Planned Parenthood is under attack by antiabortion activists over secretly recorded videos showing its executives candidly talking about supplying fetal tissue for medical research.

Planned Parenthood is under attack by antiabortion activists over secretly recorded videos showing its executives candidly talking about supplying fetal tissue for medical research.

This abortion-related controversy is providing grist for the many Republican presidential candidates hitting the trail. But it is also reviving public interest in fetal tissue research, which has yielded advances that have saved the lives of countless babies.

Consider rubella. During a U.S. epidemic in the mid-1960s, an estimated 31,000 pregnant women infected with the virus suffered stillbirths, gave birth to severely disabled infants, or decided to end their pregnancies.

One such aborted fetus was sent to Philadelphia's Wistar Institute, where vaccine pioneer Stanley Plotkin isolated the rubella virus from kidney tissue. He developed the vaccine that is still given today by growing the virus in an experimental cell line made from the lungs of an uninfected fetus aborted in Sweden.

"Human fetal cell strains, derived from voluntary abortions, have been extremely important for vaccine development, specifically for rabies, rubella, hepatitis A, and chicken pox," Plotkin, now 83, said this week. "It is important to understand that the cell [lines] are stored and no new abortions are done to produce those vaccines."

Certain vaccines are so important to public health that even Catholic authorities see a moral imperative. When there is no alternative to a vaccine developed from these fetal cell lines, the National Catholic Bioethics Center says on its website, "One is morally free to use the vaccine regardless of its historical association with abortion. The reason is that the risk to public health, if one chooses not to vaccinate, outweighs the legitimate concern about the origins of the vaccine.
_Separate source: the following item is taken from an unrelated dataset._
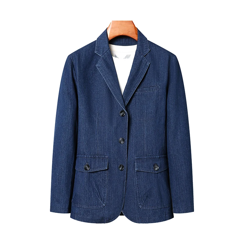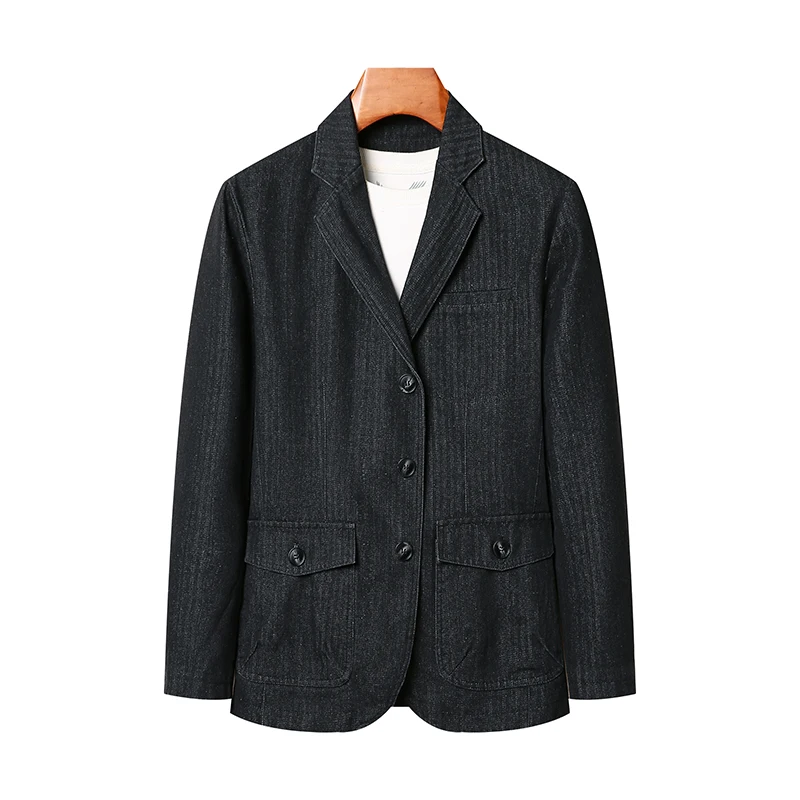 2025 Men Solid Denim Jackets Fashion Blazer Middle-aged Loose Men Vintage Jeans Jackets Hommes Slim Fit Cotton Casual Black Blue

This is especially important for parents, who have a moral obligation to protect the life and health of their children and those around them."

The undercover videos, made by an antiabortion group and released in recent weeks, stirred a furor on Capitol Hill, where lawmakers opposed to abortion tried to strip Planned Parenthood's federal funding for cancer screenings, birth control, and other health services. Federal funding of abortions is prohibited with rare exceptions.

Among the questions the videos have raised is whether Planned Parenthood profits from the sale of fetal tissue - something the organization denies. Planned Parenthood officials say it charges only to cover handling and other costs, which is legal under a 1993 law.

In recent years, fetal tissue research has been overshadowed by newer technologies, particularly those that use embryonic and adult stem cells, experts say.

From 2011 through 2014, the National Institutes of Health awarded 97 institutions about $280 million for fetal tissue studies, a tiny fraction of its $30.3 billion annual budget for medical research.

Six major institutions contacted by The Inquirer - including the University of Pennsylvania, the University of Pittsburgh, Rutgers University, and Wistar - could not find researchers willing to talk about the highly charged subject.

A Wistar spokeswoman said, "Fetal tissue research is not pertinent to or a focus of Wistar's current and long-term scientific activities."

Still, fetal cells have been key to historic breakthroughs, notably the polio vaccine. They remain crucial to some biomedical fields.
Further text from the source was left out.